One of the most prominent methods of numerical integration is Simpson's Rule. It's particularly useful as it strikes a balance between simplicity and accuracy. This rule approximates the area under a curve by dividing it into segments and fitting a second-degree polynomial (a parabola) through three consecutive points on the curve. The result is a series of 'curved trapezoids' that closely mirror the function's shape. The sum of the areas of these segments gives us an approximation of the integral.

Definite Integrals Approximation

Definite integrals are the foundation of calculus, representing the net area bounded by the graph of a function and the x-axis over a given interval. The process of finding this area exactly is called integration. However, in many practical scenarios, an exact solution is either not feasible or is excessively time-consuming, which is where approximation methods become invaluable.

Approximation of definite integrals through numerical methods can be likened to an artist's sketch of a landscape; it is not perfect, but it can often give a remarkably good representation of the scene. Simpson's Rule is one such method used to approximate definite integrals—especially when dealing with functions that are difficult to integrate analytically. The effectiveness of Simpson's Rule is largely due to its use of a sequence of parabolic arcs instead of straight lines to estimate the curve of the function between points.

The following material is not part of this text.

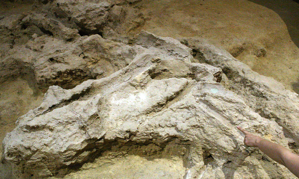 fossil wood negatives in abric Romaní prehistoric site, Capellades, Spain, shot during the International workshop "The Neanderthal Home: Spatial and Social Behaviours", October 2009

Polynomial Function Integration

Integration of polynomial functions involves finding an antiderivative, a reverse operation to taking the derivative. For polynomials, the antiderivative can be found exactly using the fundamental theorem of calculus, which leads to precise calculations of areas under curves described by polynomial equations.

However, when applying Simpson's Rule, something interesting occurs. Since Simpson's Rule is based on parabolic interpolation, it can perfectly approximate integrals of polynomial functions of degree 3 or less. This is because the approximation segments themselves are parabolic, matching the exact shape of the polynomial's graph over each interval. Hence, when you apply Simpson's Rule to functions like the cubic polynomial in the exercise \(x^3\), you get the exact area without any approximation error. This characteristic highlights why Simpson's Rule is particularly advantageous for integrating polynomials up to the third degree.

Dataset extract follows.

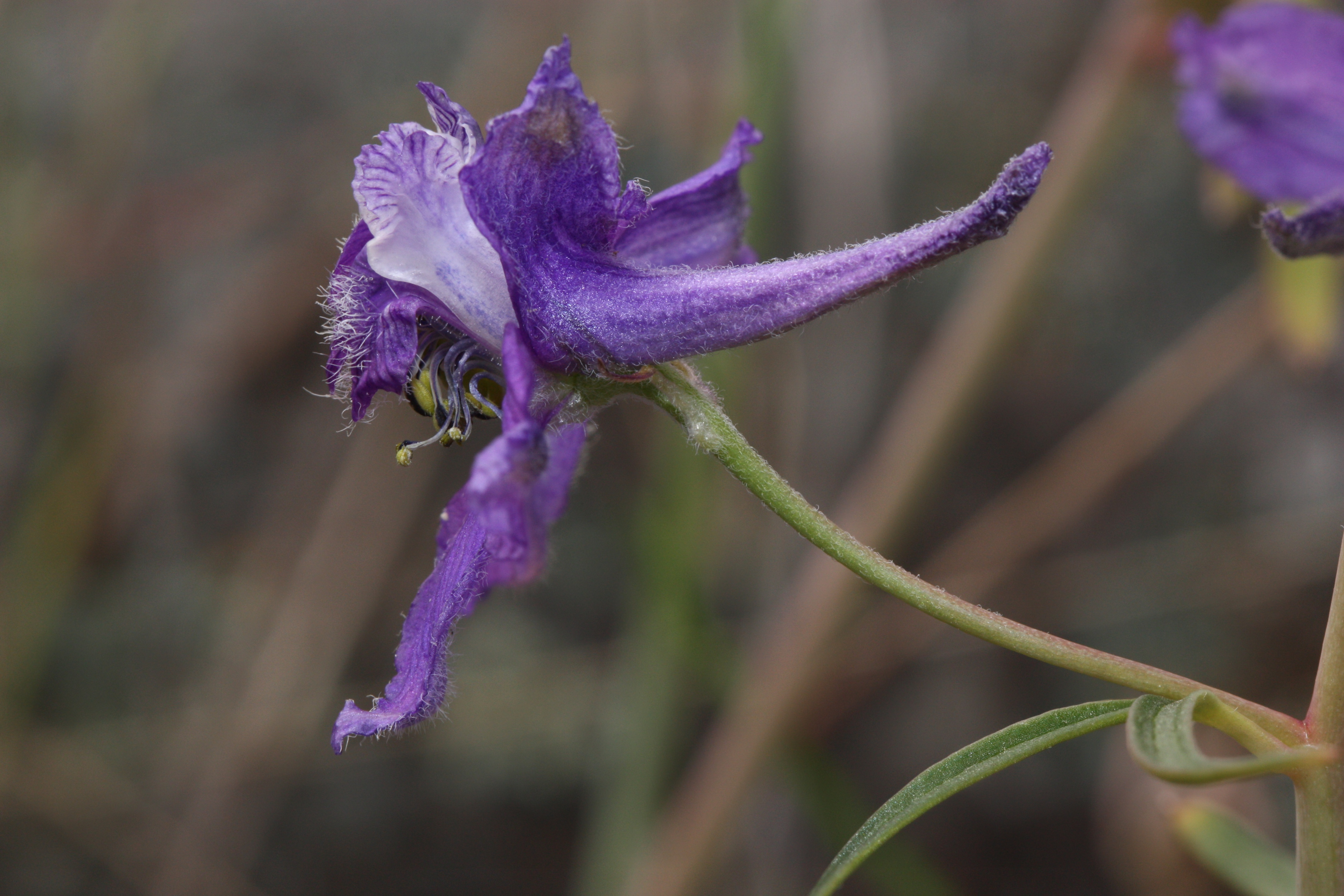 Two-lobe Larkspur; focus stack from other versions (Helicon Focus)

Error Bound for Integration

One of the most vital considerations when approximating an integral is understanding the potential error in the approximation. Assessing this error allows for the determination of how accurate an approximation method is. The error bound for Simpson's Rule quantifies the maximum possible error between the true value of the integral and its approximation.

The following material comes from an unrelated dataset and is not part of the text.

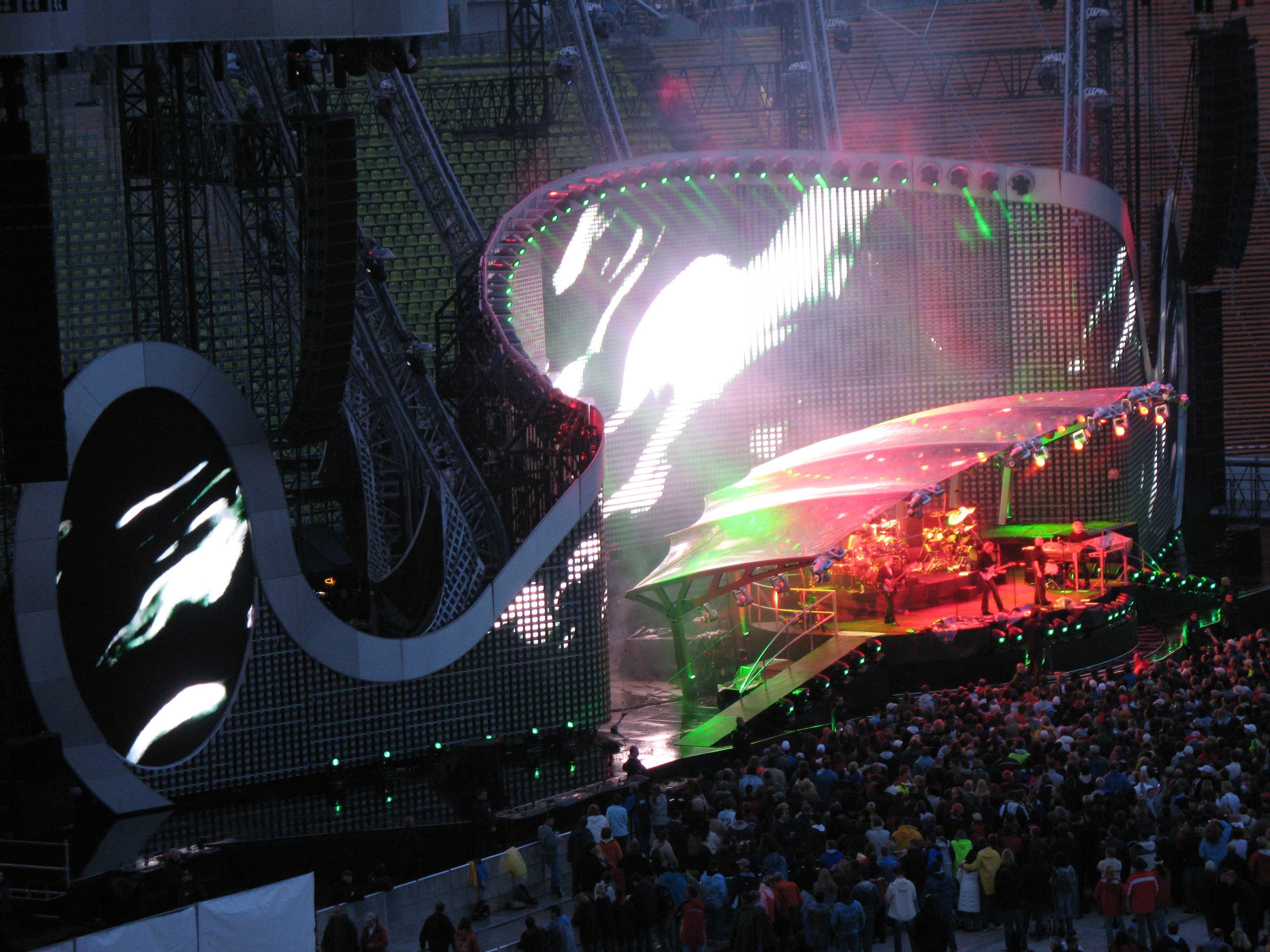 Genesis performing "Home By the Sea" at the Olympic Stadium, Munich, Germany

The error bound for Simpson’s Rule is theoretically determined and expressed in terms of the function's fourth derivative. It is given by \( \frac{(b-a)^5}{180n^4}K \), where \(K\) is a bound on the absolute value of the fourth derivative within the interval of integration. The smaller the value of \(K\), the tighter our error bound will be. In the exercise, the fourth derivative of the cubic polynomial is zero, meaning that the error bound reduces to zero, signifying that Simpson's Rule provides the exact integral value for the polynomial. This principle demonstrates the accuracy and reliability of Simpson's Rule for certain classes of functions.